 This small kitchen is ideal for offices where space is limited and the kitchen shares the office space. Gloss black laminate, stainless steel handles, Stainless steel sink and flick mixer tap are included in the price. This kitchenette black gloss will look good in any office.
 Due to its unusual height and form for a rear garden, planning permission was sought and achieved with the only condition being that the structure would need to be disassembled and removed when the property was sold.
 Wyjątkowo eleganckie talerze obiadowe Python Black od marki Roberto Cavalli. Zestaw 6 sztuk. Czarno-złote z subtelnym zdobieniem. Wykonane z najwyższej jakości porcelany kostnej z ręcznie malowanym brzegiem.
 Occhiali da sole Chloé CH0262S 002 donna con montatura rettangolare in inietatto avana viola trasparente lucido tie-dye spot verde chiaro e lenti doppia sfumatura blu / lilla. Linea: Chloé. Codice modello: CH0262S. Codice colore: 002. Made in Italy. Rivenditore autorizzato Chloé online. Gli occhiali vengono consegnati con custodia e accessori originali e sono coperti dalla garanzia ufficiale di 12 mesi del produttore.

==========

> [Problem to work on]:
All that is wanted is the stretch of lines above from the one containing "Due to its unusual" through the one containing "Wyjątkowo eleganckie talerze", duplicated exactly.

> [Expected answer]:
 Due to its unusual height and form for a rear garden, planning permission was sought and achieved with the only condition being that the structure would need to be disassembled and removed when the property was sold.
 Wyjątkowo eleganckie talerze obiadowe Python Black od marki Roberto Cavalli. Zestaw 6 sztuk. Czarno-złote z subtelnym zdobieniem. Wykonane z najwyższej jakości porcelany kostnej z ręcznie malowanym brzegiem.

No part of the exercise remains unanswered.